H-1B is a nonimmigrant classification issued by USCIS to an alien to work in the United States for a temporary period in a specialty occupation or as a fashion model of distinguished merit and ability. A specialty occupation is one that requires a minimum of a U.S. bachelor's degree or equivalent. Occupations in this category include software engineers, systems analysts, computer programmers, other computer professionals, engineers, architects, teachers, accountants, researchers, scientists, etc.
Currently, H-1B worldwide annual quota is 65,000 (out of which 6,800 are reserved for nationals of Singapore and Chile). In addition to this number, 20,000 H-1B visas are available for graduates of master's degree programs of US graduate schools.
The procedure to obtain an H1B classification is, briefly, as follows: The sponsoring US employer files an online Labor Condition Application (LCA) with the Department of Labor attesting to several items such as payment of prevailing wages for the H1-B position, working conditions, etc. The certified LCA is to be filed with Form I-129 and appropriate supplements along with applicable filing fees to the USCIS. Once the Petition is approved by USCIS, the alien can apply for an H-1B visa at a US Consulate abroad. If the alien is already in the US on another valid non-immigrant visa classification, a change of status can be applied for along with the H-1B Petition by marking the appropriate box(es) on the Form I129.
H-1B visas are usually granted for an initial period of three years, and can be extended for a further three years. After completion of six years on H1B classification, the alien must remain outside the US for one year before he/she can be given another H1B classification to enter the US again. However, extensions beyond a period of six years will be given if an application for Labor Certification or an employment-based immigrant visa petition/application for adjustment of status filed on behalf of such alien has been pending for a period of 365 days or more.
An alien on H1-B classification may work only for the sponsoring employer and only in the job classification/job duties listed on the Petition.
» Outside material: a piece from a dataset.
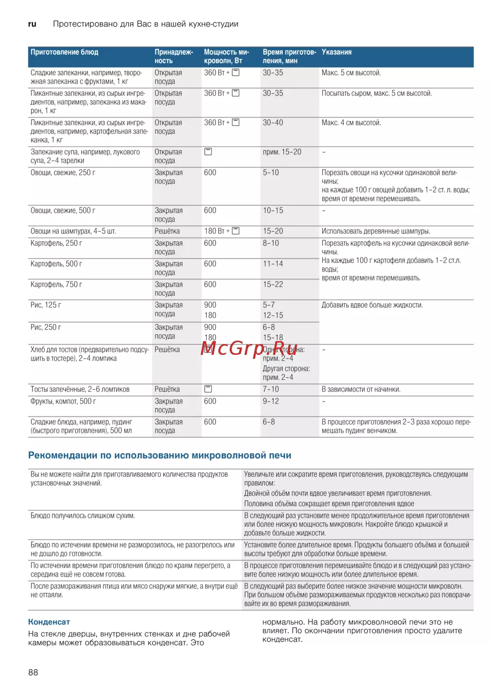 Bosch FEM553MB0 [88/92] Рекомендации по использованию микроволновой печи

If the H1-B alien wants to work for more than one US employer concurrently, each of such employers should have an H1-B Petition approved on behalf of the alien.
An alien may change employers (i.e., start working for a new employer) after the new employer files an approvable H1B Petition.
An alien on H-1B classification is permitted to travel outside the US and reenter during the validity period of the H-1B visa stamp on his/her passport.
An alien may start the process towards obtaining Lawful Permanent Residence in the US (Green Card) without affecting the H1B status.